George Alevras is a Greek fisherman from the historic city of Messolonghi who currently lives in Siglufjörður, one of the northernmost cities in Iceland.
Despite his success in Iceland’s largest economic sector, Alevras would like to return back home to his native Greece.
He and his wife Kyriaki Sarigiannidou decided to move to Iceland three and a half years ago because George wanted to practice his profession in a country which seemed to offer more opportunity than crisis-hit Greece could at the time.
Speaking with the Greek Reporter, Alevras explains, however, that living in Iceland is not easy, especially in the winter.
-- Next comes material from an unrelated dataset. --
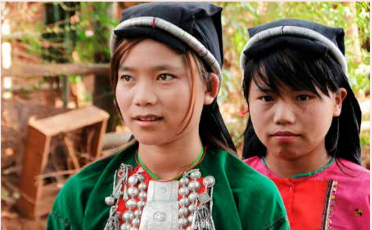
Karen girls in Shan state.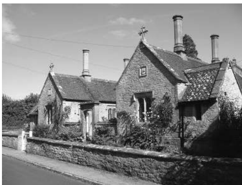
Fig. 14 Trent, Mary Turner's Almshouses

and an apotropaic mark on the lintel); doorway D2 (Ham-stone surround with ogee-step-hollow moulding terminating in a shallow stop). This early plan was hall, opposing doors indicating a crossway, and 2 service rooms divided by a lateral partition, all 2-storey. Late 16th-century the south elevation was re-fenestrated and the walls slightly raised necessitating new roof structure; a new partition defined the cross passage and a stair turret was inserted at the end of it. The hall became the kitchen, with a large baking oven. A gable fireplace was inserted in the former service area to create a parlour. Documents suggest that the property became a farmhouse during the late 18th-century and a 2-storey addition, now gone, built ca 1800 provided a dairy and additional accommodation.

”We were shut in the house for days,” he says, remembering their recent ordeal after the island was battered by one of its worst snowstorms in years.
When asked about the reasons why he left his native land, Alevras was frank and expressed more than a little disappointment in the working environment of his home country.
”There are no controls in Greece,” he says bluntly. ”A fisherman might catch 150 kilograms of fish and he will only declare that he caught fifty. No one is there to inspect and check you.”
This has led to a situation where the seas which helped make life in Greece possible are now over-fished and the future seems rather cloudy for one of the country’s most ancient industries.
Greece might historically have been one of the largest fishing powers of Europe, but the country shows a profound lack of discipline, adherence to rules and organizational skills, all of which are crucial to the self-governance of this sector.
As it might go without saying, the situation is completely different in Iceland.
”Iceland had its own financial crisis in 2008, but in five years time they were back on their feet; they are systematic, they know how to take advantage of their comparative assets,” Alevras said.
”Here, no one even dares to think of saying the wrong number of kilograms” while recording the catch for the day, he explains.
”The very moment we reach the port after fishing, the country’s authorities will be there to inspect your boat. They will check everything, even if you caught a smaller fish which you weren’t allowed to,” the fisherman explains, with the usual surprise a Greek shows at such disciplined nations.
Icelandic fishermen’s boats are also equipped with satellite-tracking systems, so the authorities know exactly where they are fishing at each and every moment of the day.
”Greek boats can also have this, but most fishermen there do not want to, since this could limit their places of possible fishing,” Alevras notes.
”This means that the authorities are able to see if you fished in forbidden areas, so no one would want that in Greece,” he adds.
However, despite all the advantages of a fisherman’s life in Iceland and the astoundingly organized system under which it works, Alevras does want to go back home to his beautiful native land.
He explains the exquisite dilemma of the expatriate, saying ”I make a lot of money here, yet somehow I feel something is missing. I want to go back to Greece; I don’t want my child, who is going to be born in a few months, to be brought up as a foreigner.”
The fisherman’s ultimate goal is one day to return to Greece with his family, where he would like to continue practicing his profession.
”I have been talking to MPs and ministers both from the previous government of SYRIZA and of the current administration of the New Democracy party,” Alevras told interviewers from the Greek Reporter.
”I have been trying to explain to them that young people like me need incentives to come back,” he noted, adding that those who left the country during the years of the financial crisis need programs funded by the state and the EU to return and practice the professions they left behind.
”However, nothing has happened yet. There are programs, mainly through ESPA,” he explains, ”but nothing is good enough to persuade someone who left to come back.”
ESPA is the Structural and Cohesion Fund of the EU, which offers subsidies to investment projects along the periphery of Europe.
Nonetheless, Alevras has not stopped trying to find a workable way to return to Greece and make an honest living there.
He keeps speaking to Greek authorities about his ideas to help the fishing industry in Greece, to adjust to new technologies and to create a supportive atmosphere which will allow young professionals like him to thrive.
And despite the poor results he has received in this arena up to this moment, Alevras remains an optimist.
”I will return to Greece. I hope the next New Year’s Eve will find me back home,” he says.
His dream now is not only to practice his ancient craft of fishing but to make Greece’s fishing life known to foreign tourists as well.
”Greece is very popular in Iceland. There is literally no Icelandic person who hasn’t been to Greece in the summer, and particularly to Crete,” Alevras said.
”I want to make them know the Greek way of fishing too, the fish we get to find, and the way we do it, as my dad taught me when I was a boy,” he says with pride.
Alevras wants to offer to tourists ”fishing tours” where a family of tourists can go aboard his boat with him, spend the day fishing out on the sea and then cook their own fish on the boat for dinner. While dining on their catch of the day they can enjoy a glass of wine and bask in the splendor of the Greek summer before returning back to port.
He incarnates what Greece now needs the most: Honesty, discipline and passion. A passion to rebuild an economy ravaged by ten years of recession, using better practices, based on merit and hard work.
We hope that Alevras’ desire to shake things up and bring a more rational and practical mentality to this ancient way of life will finally have an effect on Greek authorities and that they will eventually be able to modernize the country’s fishing industry.